Our Kids Are Facing a Mental Health Crisis, Nature Can Help

As we enter the third year of the COVID-19 pandemic, children and youth continue to face upheavals in their family, social, and educational lives. Their daily routines are disrupted by exposure alerts and quarantines, they may be unable to see friends and family, and the back-and-forth of virtual and in-person schooling is taking a toll. It’s unclear when, if ever, we’ll be able to get back to normal.

Cut off from networks of support and stability, our youth are experiencing almost unprecedented exposure to trauma and loneliness. According to mental health professionals, the rates of depression and anxiety observed in young people are soaring. In December 2021, Surgeon-General Vivek Murthy declared that the United States had entered a “youth mental health crisis.” 

It will take time to address the effects of this crisis, but there is one effective measure we can take right now: get kids outdoors. We know that exposure to nature can help relieve depression and anxiety, and even help heal trauma. Multiple studies show that spending time outdoors has positive effects on physical and mental health. For young people in particular, nature exposure can boost concentration, improve social skills and even help them perform better in school. 

But getting into nature isn’t as simple as a walk in the park for many families. About 100 million people in the U.S., including 28 million children, don’t live within 10 minutes of a high-quality park or green space. The barriers can get higher when you go from a local park to a national park. Visiting these crown jewels of public lands can be an undertaking for any family, but such a trip is out of reach for the many families who cannot afford the travel, lodging, and entrance expenses they require. 

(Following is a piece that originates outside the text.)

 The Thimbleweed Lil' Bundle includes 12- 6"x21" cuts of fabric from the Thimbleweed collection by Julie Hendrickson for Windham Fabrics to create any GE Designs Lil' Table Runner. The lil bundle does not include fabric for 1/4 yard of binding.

One program is bringing our national parks into reach for millions of young people. Since 2015, the Every Kid Outdoors program (EKO) has granted a full year of free entry to hundreds of national parks, lands, and waters for all fourth graders and their families. This simple program enables every fourth grader, regardless of ability to pay, the opportunity to establish a direct connection with nature — connections that can last a lifetime.

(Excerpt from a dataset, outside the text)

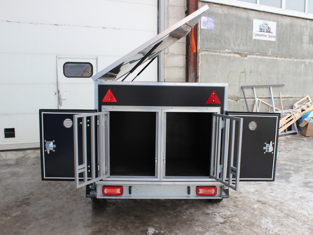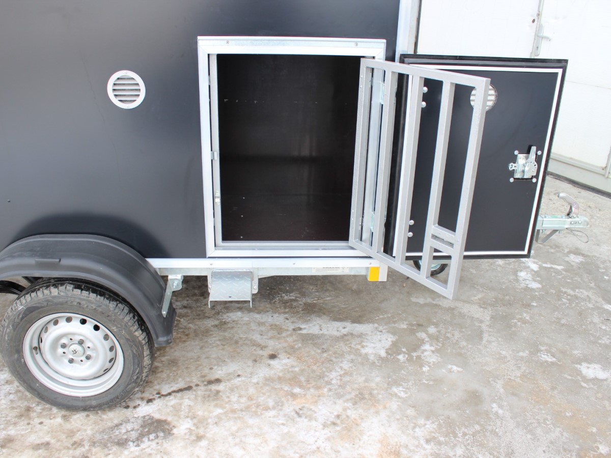 Для удобства открывания основных дверей прицепа предусмотрены дополнительные дверные решетки с запорной фурнитурой. Двери и корпус изготовлены из композитных панелей, что обеспечивает фургону устойчивость к агрессивной дорожной среде и делает его комфортным для использования в различных погодных условиях. Зимой в прицепе будет тепло, а летом — прохладно. Отсеки выполнены из водостойкой фанеры и имеют алюминиевые вентиляционные решетки. Двери и багажный отсек оснащены встроенными замками. Основание прицепа также выполнено из водостойкой ламинированной фанеры, которая легко моется и не впитывает запахи. Основание дополнительно утеплено экструдированным пенополистиролом.

EKO has helped thousands of families take their first trip to a national park, and it continues to grow in popularity. Moreover, the program supports local economies in communities near our national parks. In the recently passed federal budget, Congress and the White House confirmed their support for EKO, officially including it in the budget for the first time. Despite their ideological differences, Democrats and Republicans agree it’s essential for children and youth to experience nature.

While Congress affirmed its support for EKO, that support doesn’t always translate to funding. In fact, since its creation nearly a decade ago, EKO has never had adequate funding to address the inequalities that prevent many youth and families from experiencing nature, like a lack of safe public transit options to public lands, limited nearby programming at parks, and the often nonexistent infrastructure for the disabled community. This is part of what we call the “nature equity gap.” It means that, while the benefits of nature are universal, access to nature is not, and that can have damaging effects on people and communities. Unfortunately, our national parks are not immune to the nature equity gap.

Time in nature offers all of us a chance to restore and heal from the stress and negative impacts of things like the COVID-19 pandemic, climate change, social unrest, and other crises happening around the world. Supporting EKO and helping the program reach its full potential will ensure that the ability to pay isn’t a prerequisite for experiencing public lands, allowing more families and young people to recover from grief, disruption, and trauma — and develop connections to the natural world that will nurture new generations of environmental advocates.